**Required action:**
Using the data that follows, return exactly the lines from the one that contains "- 공무원 연금공단 직접" through the one that contains "這是對(duì)具有電容式觸摸面板和 3:2 縱橫比的", ends included.

═══ Data section

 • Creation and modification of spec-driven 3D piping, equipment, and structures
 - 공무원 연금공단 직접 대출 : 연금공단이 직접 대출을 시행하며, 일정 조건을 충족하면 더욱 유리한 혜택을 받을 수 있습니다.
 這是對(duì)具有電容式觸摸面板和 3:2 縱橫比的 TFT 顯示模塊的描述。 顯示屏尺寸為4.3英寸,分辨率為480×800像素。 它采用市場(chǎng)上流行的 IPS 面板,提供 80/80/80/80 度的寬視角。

══════
═══ Data section

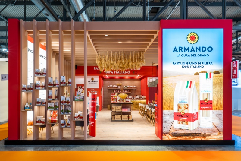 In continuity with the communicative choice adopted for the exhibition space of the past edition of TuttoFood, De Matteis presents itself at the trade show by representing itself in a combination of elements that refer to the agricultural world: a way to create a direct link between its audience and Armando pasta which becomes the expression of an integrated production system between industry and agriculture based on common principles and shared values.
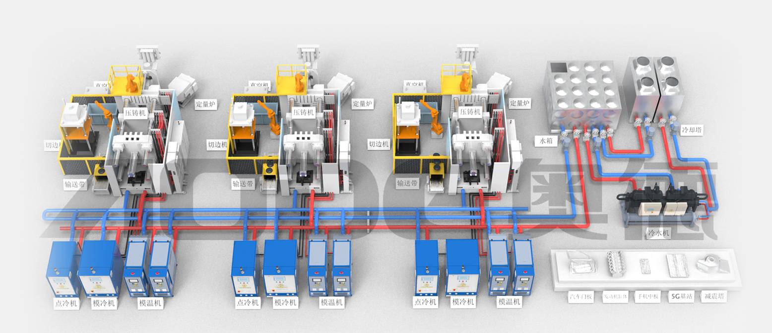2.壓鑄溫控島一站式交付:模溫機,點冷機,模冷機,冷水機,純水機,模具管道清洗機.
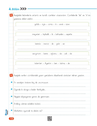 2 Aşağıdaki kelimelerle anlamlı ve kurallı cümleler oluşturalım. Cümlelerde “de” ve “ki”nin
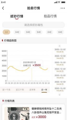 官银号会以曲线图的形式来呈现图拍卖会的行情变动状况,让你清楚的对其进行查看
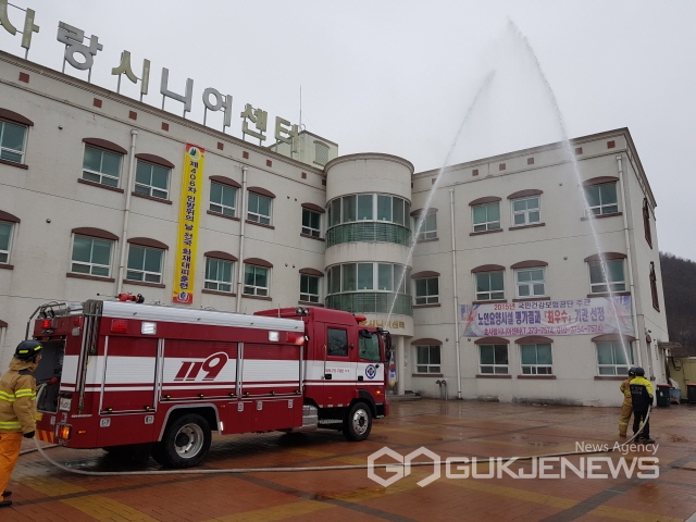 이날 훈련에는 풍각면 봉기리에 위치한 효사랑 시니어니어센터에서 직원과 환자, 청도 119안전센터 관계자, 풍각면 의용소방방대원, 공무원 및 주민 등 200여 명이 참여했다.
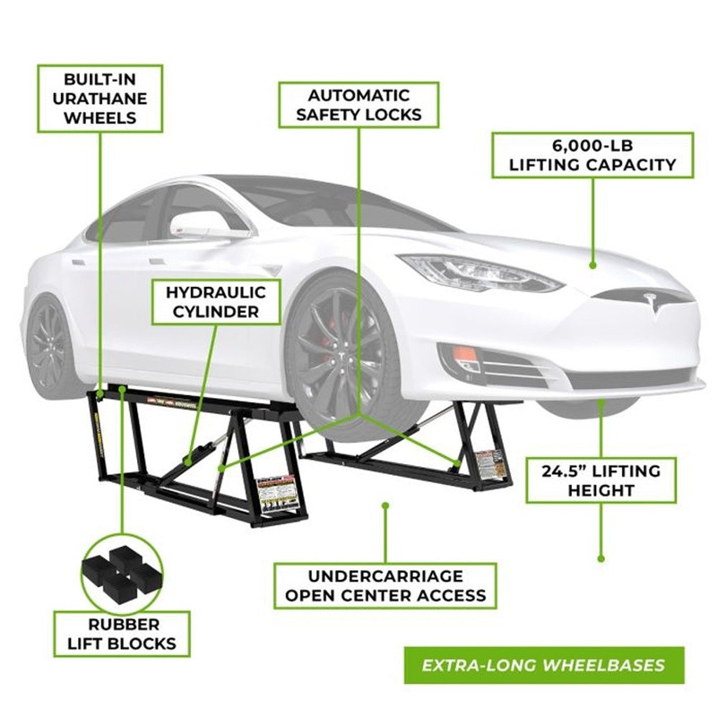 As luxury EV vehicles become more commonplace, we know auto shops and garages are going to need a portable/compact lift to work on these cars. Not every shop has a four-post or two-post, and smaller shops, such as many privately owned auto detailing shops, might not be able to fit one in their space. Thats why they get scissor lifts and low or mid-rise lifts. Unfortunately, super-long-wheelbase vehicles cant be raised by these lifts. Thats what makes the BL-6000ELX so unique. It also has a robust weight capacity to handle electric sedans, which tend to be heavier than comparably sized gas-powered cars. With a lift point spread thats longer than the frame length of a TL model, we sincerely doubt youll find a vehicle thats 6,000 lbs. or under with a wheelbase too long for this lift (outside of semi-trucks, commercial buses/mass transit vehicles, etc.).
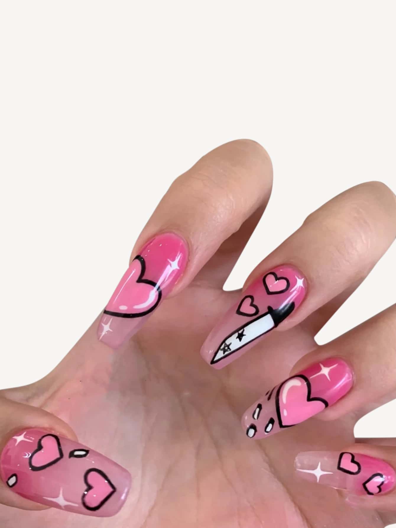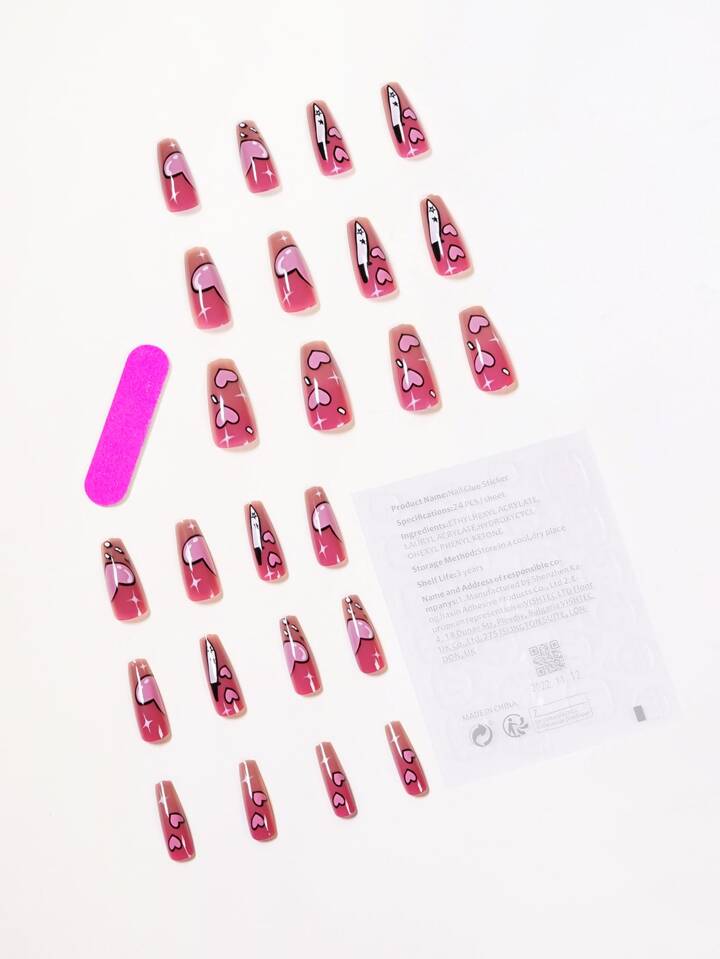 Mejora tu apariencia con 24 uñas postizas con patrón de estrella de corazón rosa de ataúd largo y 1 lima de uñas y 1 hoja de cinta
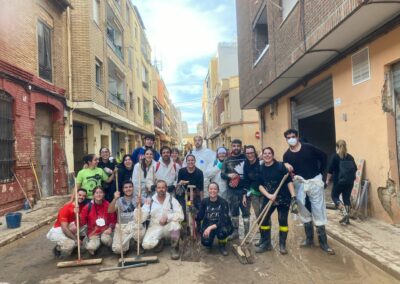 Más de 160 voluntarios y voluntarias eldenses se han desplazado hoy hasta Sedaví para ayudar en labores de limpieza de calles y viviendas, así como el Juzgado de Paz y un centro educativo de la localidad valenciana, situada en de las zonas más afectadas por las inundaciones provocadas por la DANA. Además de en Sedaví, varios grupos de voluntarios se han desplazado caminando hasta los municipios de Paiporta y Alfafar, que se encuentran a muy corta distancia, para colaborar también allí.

══════

**Finished exercise:**
 - 공무원 연금공단 직접 대출 : 연금공단이 직접 대출을 시행하며, 일정 조건을 충족하면 더욱 유리한 혜택을 받을 수 있습니다.
 這是對(duì)具有電容式觸摸面板和 3:2 縱橫比的 TFT 顯示模塊的描述。 顯示屏尺寸為4.3英寸,分辨率為480×800像素。 它采用市場(chǎng)上流行的 IPS 面板,提供 80/80/80/80 度的寬視角。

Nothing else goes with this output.